> [Information shown]
= = = = =

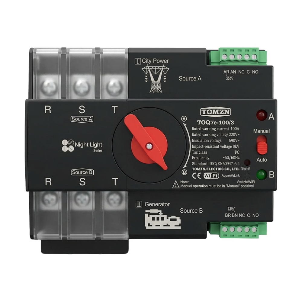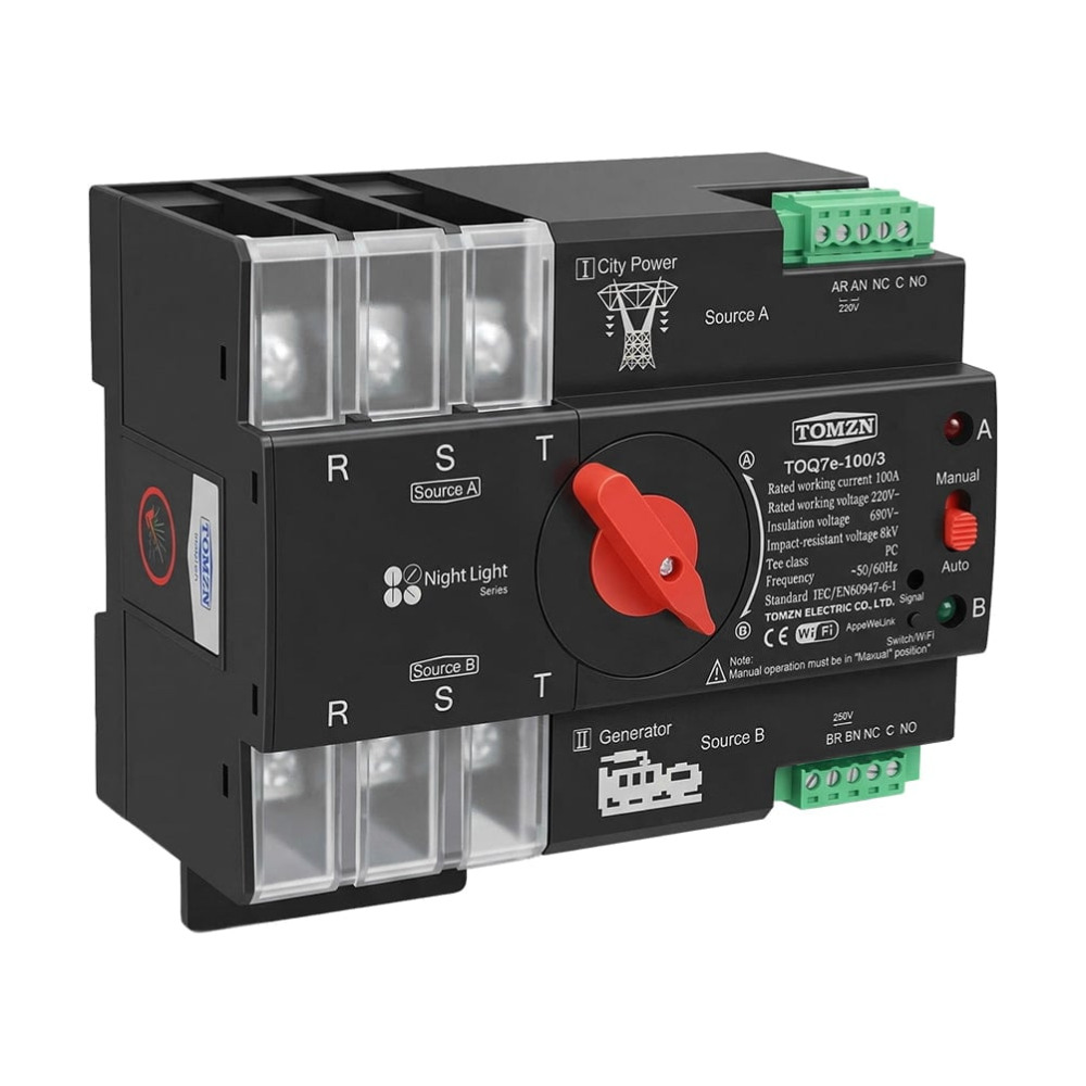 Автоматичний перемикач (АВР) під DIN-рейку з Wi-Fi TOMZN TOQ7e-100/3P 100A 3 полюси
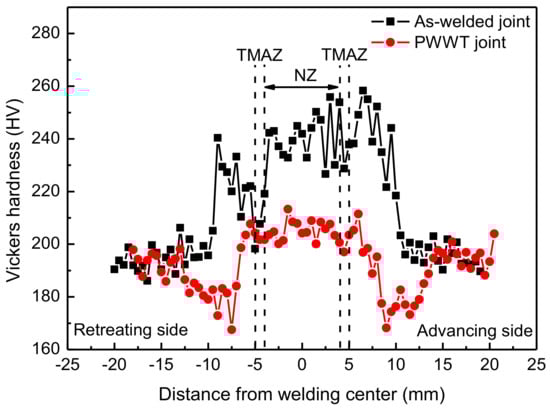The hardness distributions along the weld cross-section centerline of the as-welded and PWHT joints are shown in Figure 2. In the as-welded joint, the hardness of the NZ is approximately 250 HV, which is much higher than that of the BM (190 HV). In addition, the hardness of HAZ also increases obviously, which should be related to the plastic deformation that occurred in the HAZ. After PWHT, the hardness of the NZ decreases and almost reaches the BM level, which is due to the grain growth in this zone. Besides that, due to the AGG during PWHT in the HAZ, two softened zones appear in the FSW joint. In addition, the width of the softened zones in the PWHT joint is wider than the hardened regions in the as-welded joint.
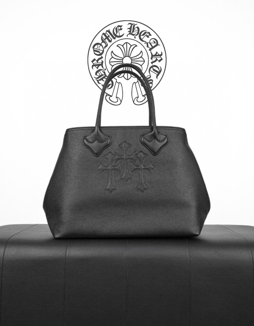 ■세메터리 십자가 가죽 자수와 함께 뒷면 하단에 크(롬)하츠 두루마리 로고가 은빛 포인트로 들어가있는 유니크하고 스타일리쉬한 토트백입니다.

= = = = =

> [Work order]
What is needed here is each line above set down word for word, minus the images.

> [Answer box]
 Автоматичний перемикач (АВР) під DIN-рейку з Wi-Fi TOMZN TOQ7e-100/3P 100A 3 полюси
The hardness distributions along the weld cross-section centerline of the as-welded and PWHT joints are shown in Figure 2. In the as-welded joint, the hardness of the NZ is approximately 250 HV, which is much higher than that of the BM (190 HV). In addition, the hardness of HAZ also increases obviously, which should be related to the plastic deformation that occurred in the HAZ. After PWHT, the hardness of the NZ decreases and almost reaches the BM level, which is due to the grain growth in this zone. Besides that, due to the AGG during PWHT in the HAZ, two softened zones appear in the FSW joint. In addition, the width of the softened zones in the PWHT joint is wider than the hardened regions in the as-welded joint.
 ■세메터리 십자가 가죽 자수와 함께 뒷면 하단에 크(롬)하츠 두루마리 로고가 은빛 포인트로 들어가있는 유니크하고 스타일리쉬한 토트백입니다.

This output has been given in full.